Thanks for the refactorings! While you are touching this code, one thing that would be wonderful to do is to keep track of the timings for the best configuration for each batch size. This could e.g. be done by writing them to a separate file. This would allow you to decide if a new configuration is better than the old one.

Also note that running the script as-is will likely not produce optimal results in some settings, since there is a bunch of parameter pruning going on at the moment (e.g. for the batch size).

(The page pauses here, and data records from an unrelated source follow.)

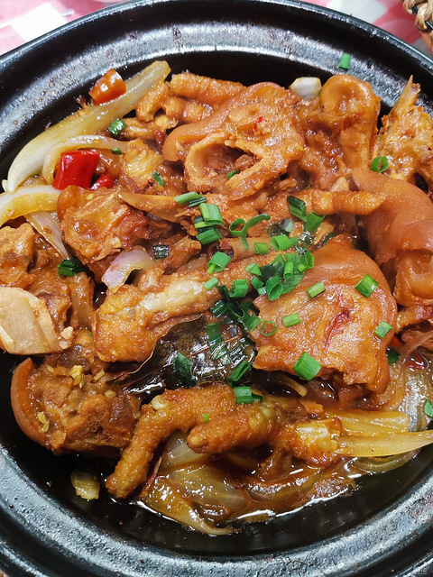 临海破村,这个经典套餐真的百吃不腻!有鱼有肉,还有年糕,水果杯,三个人吃也够最爱黄油?焗鱼头,很香很嫩,胶质感猪蹄凤爪也是每次必吃,软糯的凤爪,Q弹的猪蹄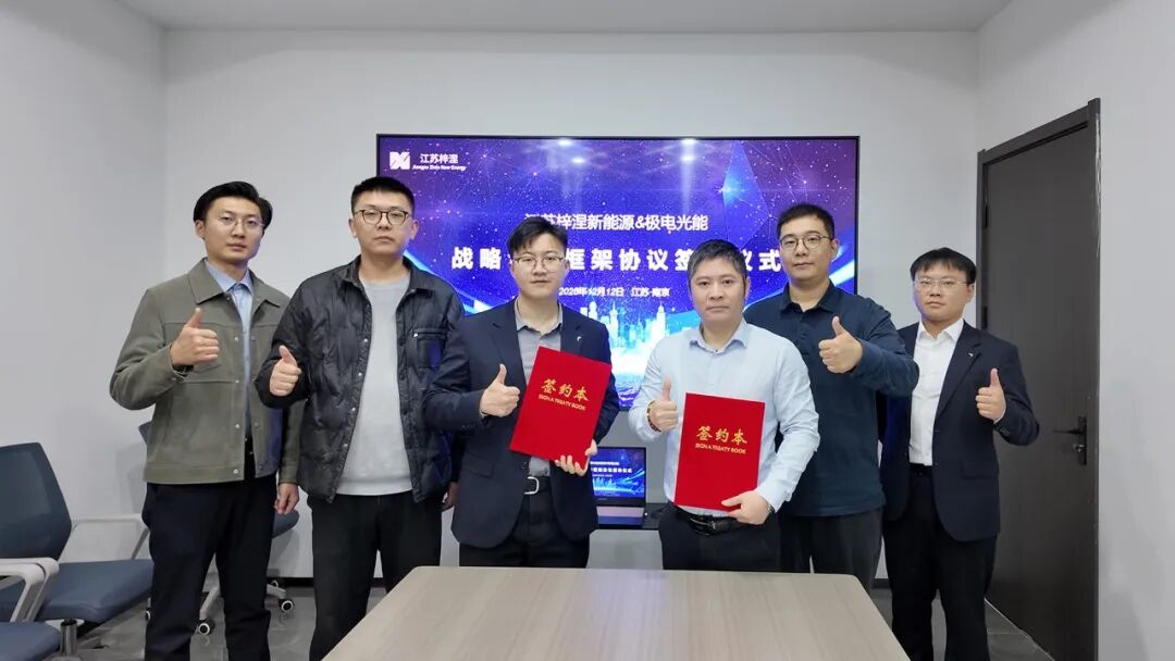 12月12日,极电光能与江苏梓涅新能源有限公司(以下简称“江苏梓涅”)正式签署战略合作协议。双方将以7MW钙钛矿光伏电站项目为起点,共同推动前沿钙钛矿技术创新与场景化落地,为区域能源结构转型与绿色发展注入强劲动能。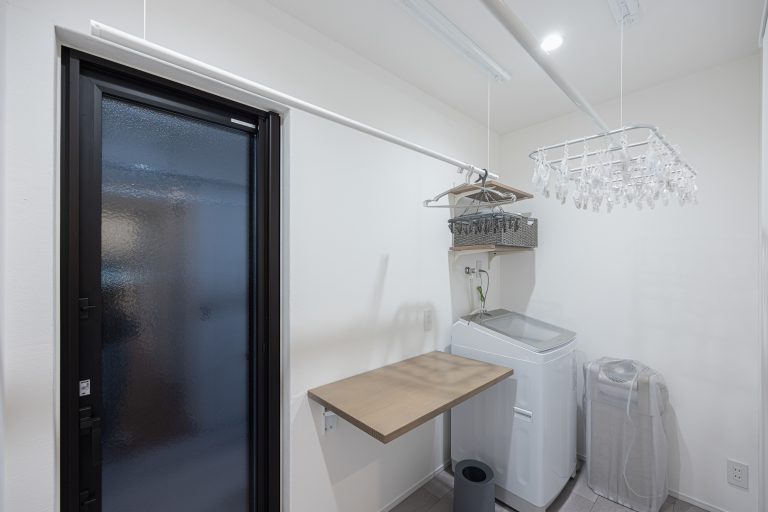 家事効率を上げたいといった奥さまの要望から、ランドリールームも設置しました。洗濯機と物干し竿、作業スペースを一箇所に集めたため、洗濯に関する「洗う、干す、取り込む、たたむ」といった作業を効率良くこなせます。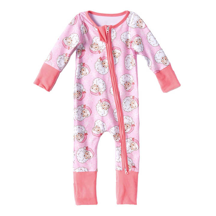 Best Selling Double Zipper Sleepwear Pajamas Christmas Print Toddler Sleepwear Folded Bamboo Romper Cover for Baby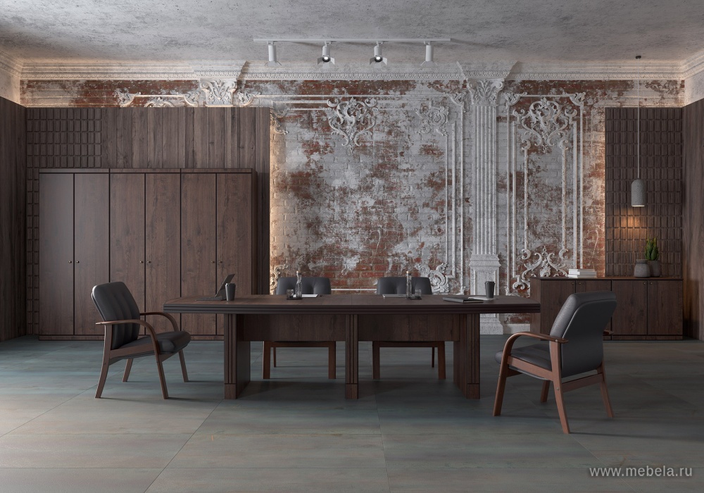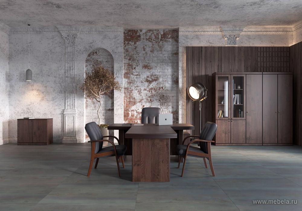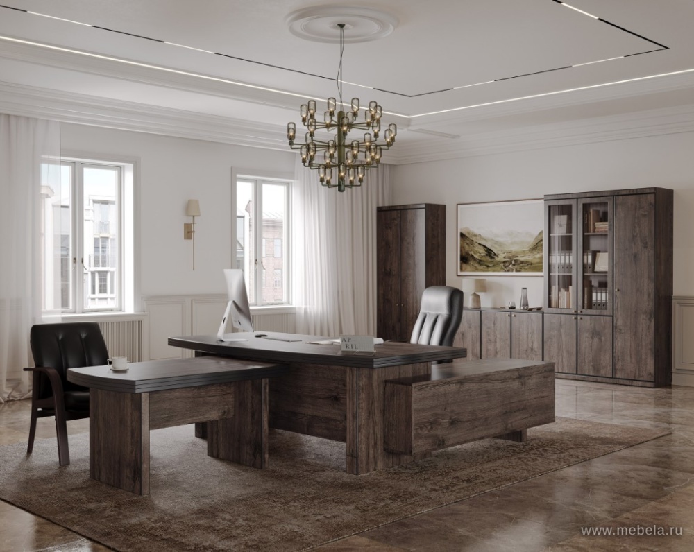 Мебель для кабинетов “Капитал” в цвете дуб апрельский создает внушительный солидный образ для установившей ее в свой интерьер компании. Шпон выглядит очень дорого, а классические линии и формы подчеркивают серьезность намерений владельцев такого интерьера.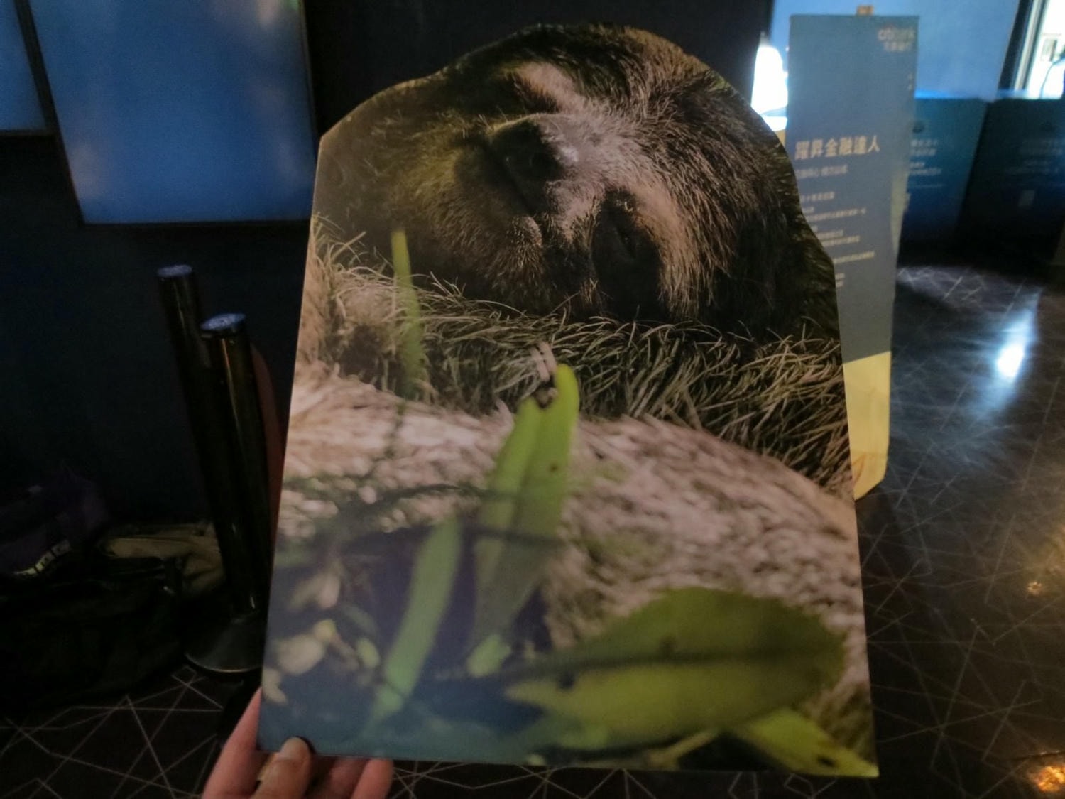 特映會現場有提供很多動物看板可以合照,依序為:南極企鵝、海鬣蜥、貓熊、長頸鹿、巢鼠、三趾樹懶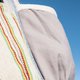 ▲以手织针织布+拼色棉麻布制作而成,手工棉的触感搭配鲜艳的配色,组成鲜明的色彩,是搭配衣着的好物,回归自然的美好经验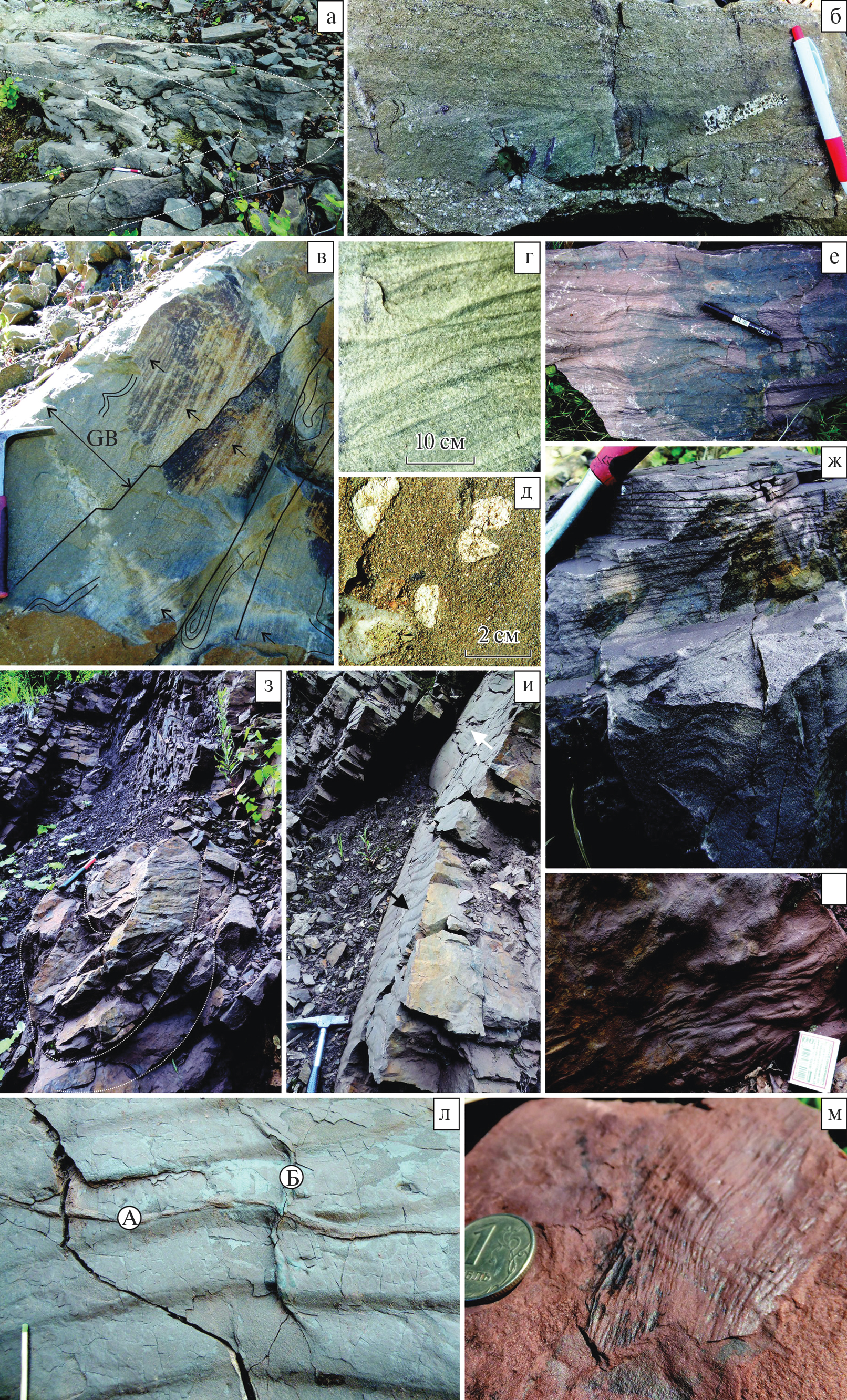 а–д – нижняя (сероцветная) толща: а – подводно-оползневая складка в песчаниках, б –песчаник с горизонтальной и косой слоистостью, в песчанике присутствует крупный литокласт гранито-гнейса, в – полого-наклонная косая слоистость в песчанике с тайдалитовой полосчатостью (стрелки) и складками оползания, г – косоволнистая слоистость в песчанике, д – гравийные включения кварца, литокласты полевого шпата и аргиллитов в песчанике; е–м – верхняя (красноцветная) толща: е – флазерная слоистость в мелкозернистом красноцветном песчанике, ж – контакт песчаника с отчетливо выраженной слоистостью приливно-отливного типа (сверху) с массивным несортированным разнозернистым песчаником (снизу), з – подводно-оползневая складка в песчано-глинистой толще, и – знаки ряби (черная стрелка) и валообразная структура (белая стрелка) на поверхности напластования песчаников, к – механоглифы – следы механического воздействия, размыва или оплывания вследствие нагрузки на полужидкий осадок, л – валики в виде слабо извилистых шнуров (следы стекания и разрыва сплошности), выполненных грубым песком, на “глянцевой” глинистой поверхности напластования со знаками ряби (А – вдоль хребтика ряби, Б – укороченная разновидность, перпендикулярно секущая знаки ряби); м – арумбериеморфный(?) отпечаток на поверхности песчаника.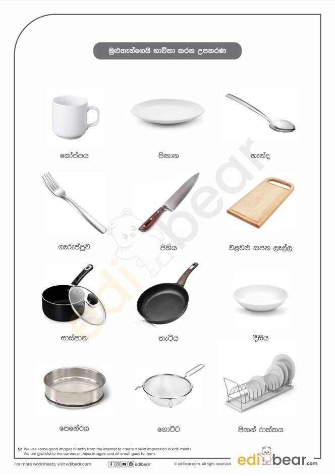 Kitchen utensils names in Sinhala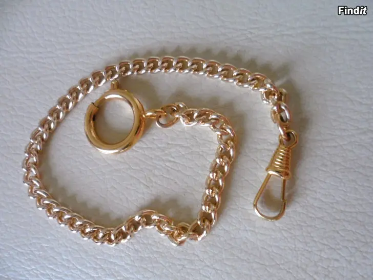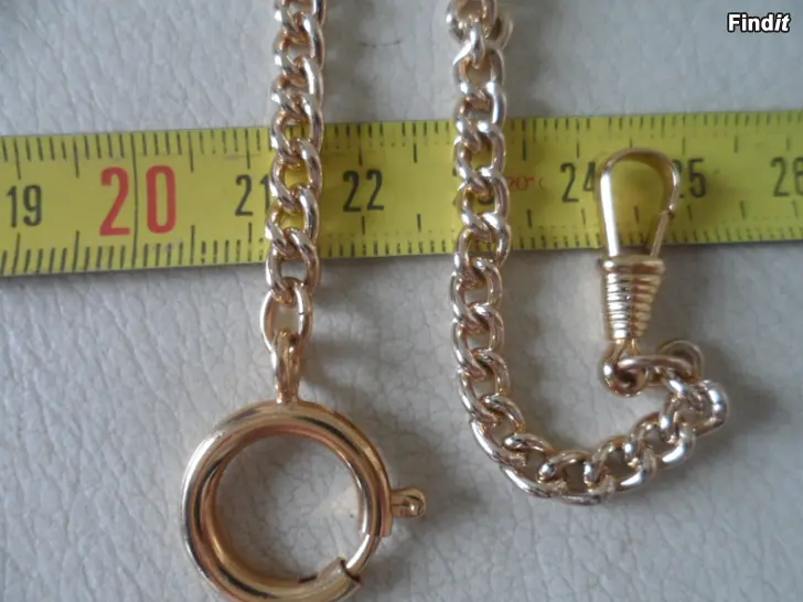 Kokonaispituus 25cm, ketjun leveys 5 mm, kullattu metallia, ei leimoja. Käyttämätön, uusi.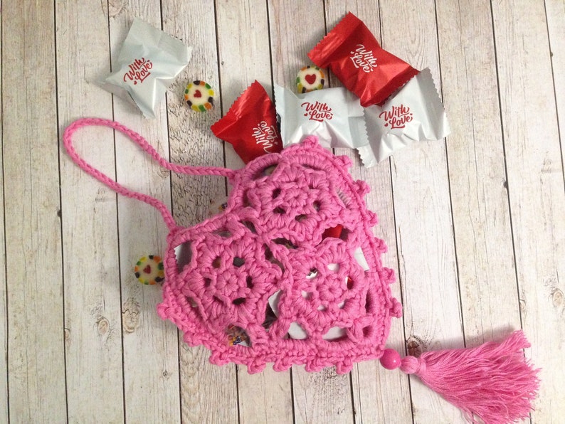 If you would like to try this bag, look for this gift bag in the shape of heart crochet pattern in my Etsy shop. Good Luck!
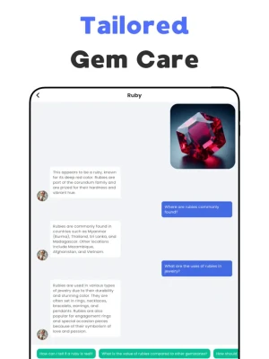 * AI Chat Assistance: Engage with our AI assistant to dive deeper into details. Ask questions about gemstones properties, origin, uses, and care.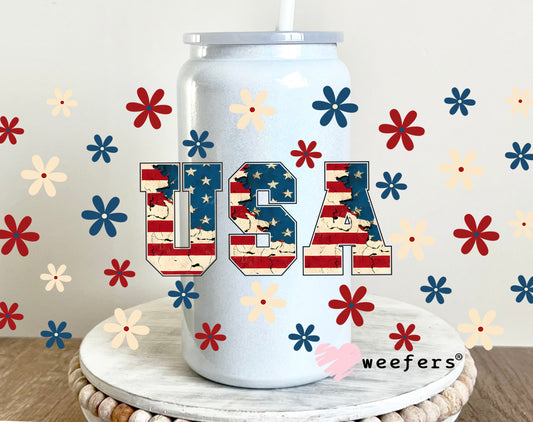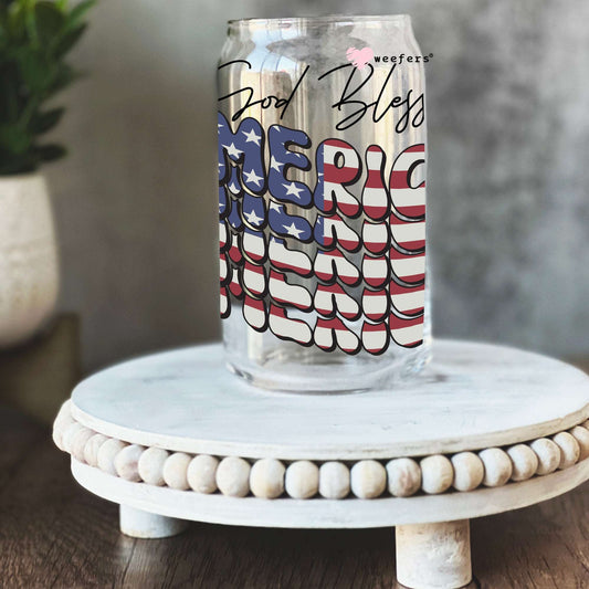 4th of July God Bless America 16oz Libbey Glass Can UV DTF or Sublimation Wrap - Decal

Sometimes it is important to look at the values found and then expand the search space if it runs into the boundaries :)

youkaichao · 2024-03-14T02:47:14Z

@pcmoritz This manual kernel tuning is kind of temporary. Going forward, we plan to use triton.autotune to automatically tune these configs. So we don't need to invest too much time here.

WoosukKwon · 2024-03-14T02:59:10Z

vllm/model_executor/layers/fused_moe/configs/E=8,N=3584,device_name=NVIDIA_A100-SXM4-80GB.json

- "2048": {"BLOCK_SIZE_M": 128, "BLOCK_SIZE_N": 128, "BLOCK_SIZE_K": 32, "GROUP_SIZE_M": 16, "num_warps": 4, "num_stages": 4},
- "3072": {"BLOCK_SIZE_M": 128, "BLOCK_SIZE_N": 256, "BLOCK_SIZE_K": 32, "GROUP_SIZE_M": 1, "num_warps": 8, "num_stages": 4},
- "4096": {"BLOCK_SIZE_M": 128, "BLOCK_SIZE_N": 256, "BLOCK_SIZE_K": 32, "GROUP_SIZE_M": 16, "num_warps": 8, "num_stages": 4}
+ "1": {


The configuration here is quite different from the one we have right now. Could you compare the old and new ones by benchmarking the end-to-end performance (e.g., using benchmark_throughput.py on Mixtral)?

Also, it'd be nice if you can benchmark other configs as well, if not all.

iirc, LLaMA models don't use MoE. Do you mean mixtral models?

Yep I mean mixtral, not llama

do you have some common setting for me to run the throughput test? Otherwise I'm blindly running python benchmarks/benchmark_throughput.py --input-len 100 --output-len 100. Not sure if input 100 tokens and output 100 tokens are the cases people care the most.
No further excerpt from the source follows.